| Task brief |
Look below for the line containing "6年生の組み立て体操も、気合十分。一言もしゃべらず、真剣に取り組んでいました。", then write out that line and every line after it to the end, exactly, minus the pictures.

| Data segment |
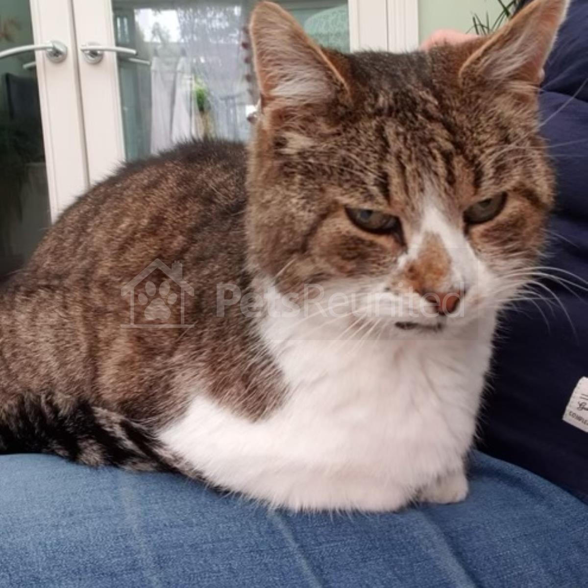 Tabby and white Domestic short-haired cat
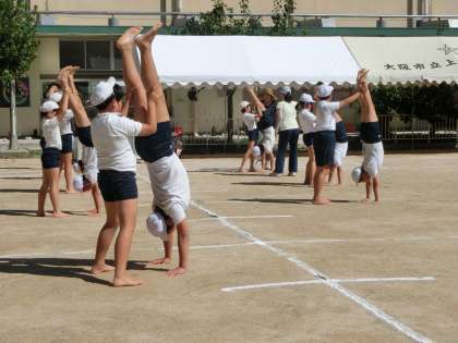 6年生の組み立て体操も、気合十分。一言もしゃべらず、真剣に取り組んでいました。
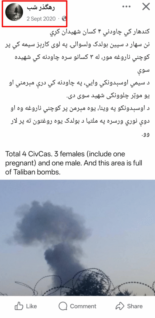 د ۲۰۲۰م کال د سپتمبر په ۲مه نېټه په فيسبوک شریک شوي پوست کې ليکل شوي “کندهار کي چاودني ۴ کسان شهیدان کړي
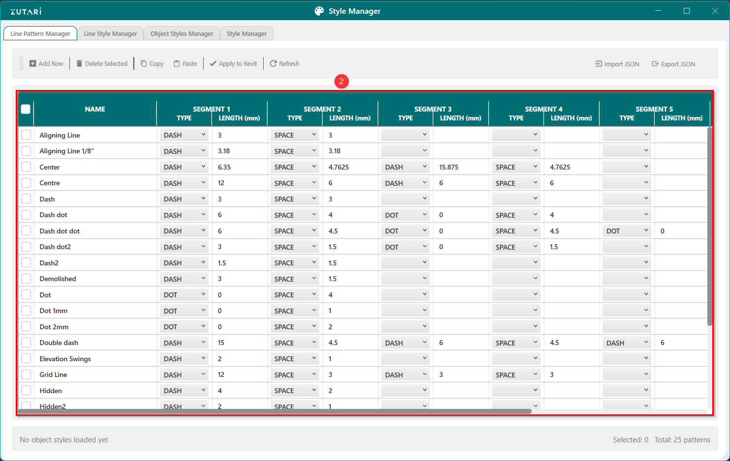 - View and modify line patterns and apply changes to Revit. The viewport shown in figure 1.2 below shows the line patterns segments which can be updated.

| Solution for this problem |
 6年生の組み立て体操も、気合十分。一言もしゃべらず、真剣に取り組んでいました。
 د ۲۰۲۰م کال د سپتمبر په ۲مه نېټه په فيسبوک شریک شوي پوست کې ليکل شوي “کندهار کي چاودني ۴ کسان شهیدان کړي
 - View and modify line patterns and apply changes to Revit. The viewport shown in figure 1.2 below shows the line patterns segments which can be updated.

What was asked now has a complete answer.